Plague in humans ‘twice as old’ but didn’t begin as flea-borne, ancient DNA reveals

Oct 28, 2015

Credit: Natalia Shishlina

Source: University of Cambridge

New research using ancient DNA has revealed that plague has been endemic in human populations for more than twice as long as previously thought, and that the ancestral plague would have been predominantly spread by human-to-human contact — until genetic mutations allowed Yersinia pestis (Y. pestis), the bacteria that causes plague, to survive in the gut of fleas.

These mutations, which may have occurred near the turn of the 1st millennium BC, gave rise to the bubonic form of plague that spreads at terrifying speed through flea — and consequently rat — carriers. The bubonic plague caused the pandemics that decimated global populations, including the Black Death, which wiped out half the population of Europe in the 14th century.

Before its flea-borne evolution, however, researchers say that plague was in fact endemic in the human populations of Eurasia at least 3,000 years before the first plague pandemic in historical records (the Plague of Justinian in 541 AD).

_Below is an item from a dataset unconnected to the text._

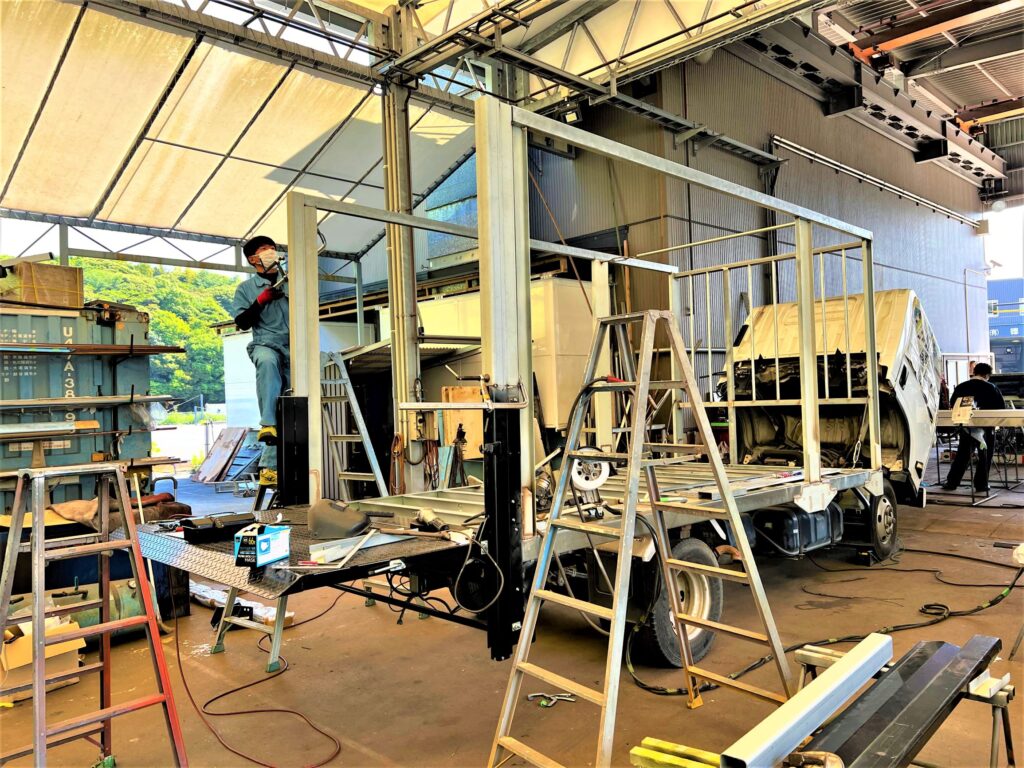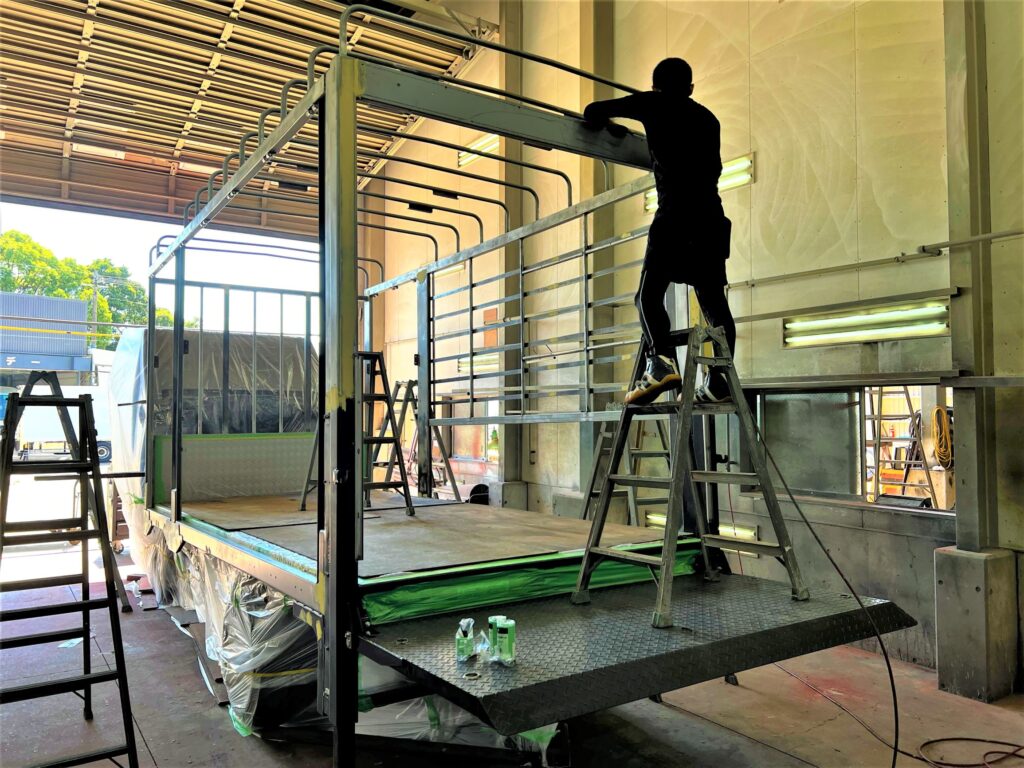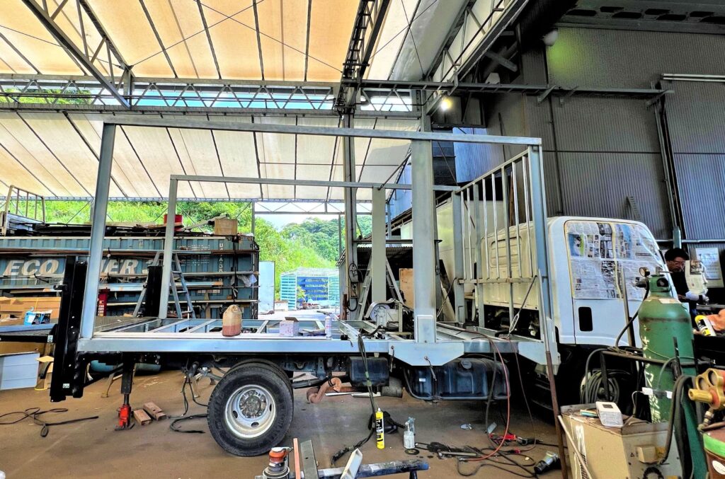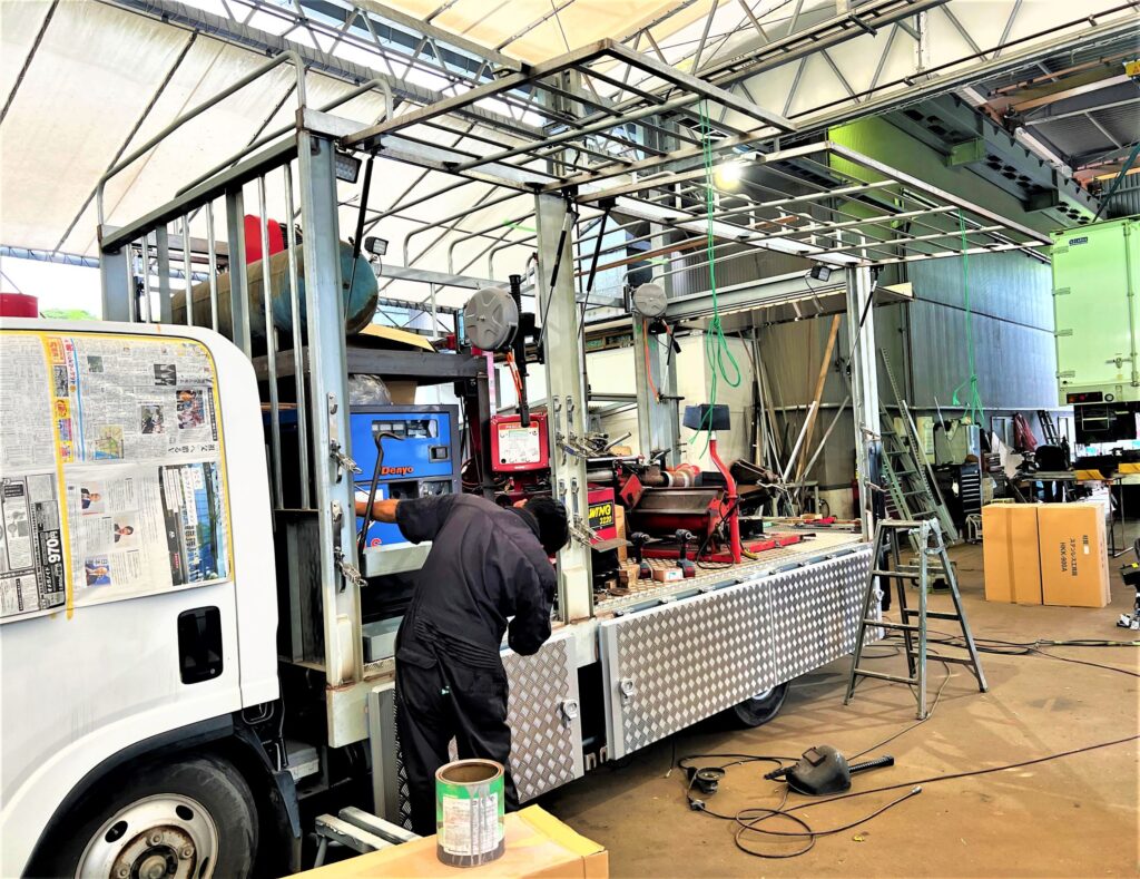 今日は中古車をタイヤ屋さん用に架装、塗装した作業風景の写真をUPしていきます。📸✨✨

They say the new evidence that Y. pestis bacterial infection in humans actually emerged around the beginning of the Bronze Age suggests that plague may have been responsible for major population declines believed to have occurred in the late 4th and early 3rd millennium BC.

The work was conducted by an international team including researchers from the universities of Copenhagen, Denmark, and Cambridge, UK, and the findings are published today in the journal Cell.

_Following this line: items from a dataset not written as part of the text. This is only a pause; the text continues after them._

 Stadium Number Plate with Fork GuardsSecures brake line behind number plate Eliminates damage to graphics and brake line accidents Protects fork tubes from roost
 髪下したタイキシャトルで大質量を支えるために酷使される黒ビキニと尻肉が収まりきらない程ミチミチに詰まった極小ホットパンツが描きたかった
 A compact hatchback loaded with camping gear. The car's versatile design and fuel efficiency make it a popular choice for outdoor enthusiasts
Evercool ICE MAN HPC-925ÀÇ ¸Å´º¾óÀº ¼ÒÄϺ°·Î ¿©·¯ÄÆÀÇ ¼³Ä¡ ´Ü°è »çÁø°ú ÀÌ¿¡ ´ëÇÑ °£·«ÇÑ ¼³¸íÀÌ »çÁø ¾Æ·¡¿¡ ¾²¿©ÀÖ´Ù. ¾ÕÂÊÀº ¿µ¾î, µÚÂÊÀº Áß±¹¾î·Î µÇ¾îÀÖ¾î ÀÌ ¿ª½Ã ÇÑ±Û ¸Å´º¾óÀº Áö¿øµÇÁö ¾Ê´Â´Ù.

“We found that the Y. pestis lineage originated and was widespread much earlier than previously thought, and we narrowed the time window as to when and how it developed,” said senior author Professor Eske Willerslev, who recently joined Cambridge University’s Department of Zoology from the University of Copenhagen.

“The underlying mechanisms that facilitated the evolution of Y. pestis are present even today. Learning from the past may help us understand how future pathogens may arise and evolve,” he said.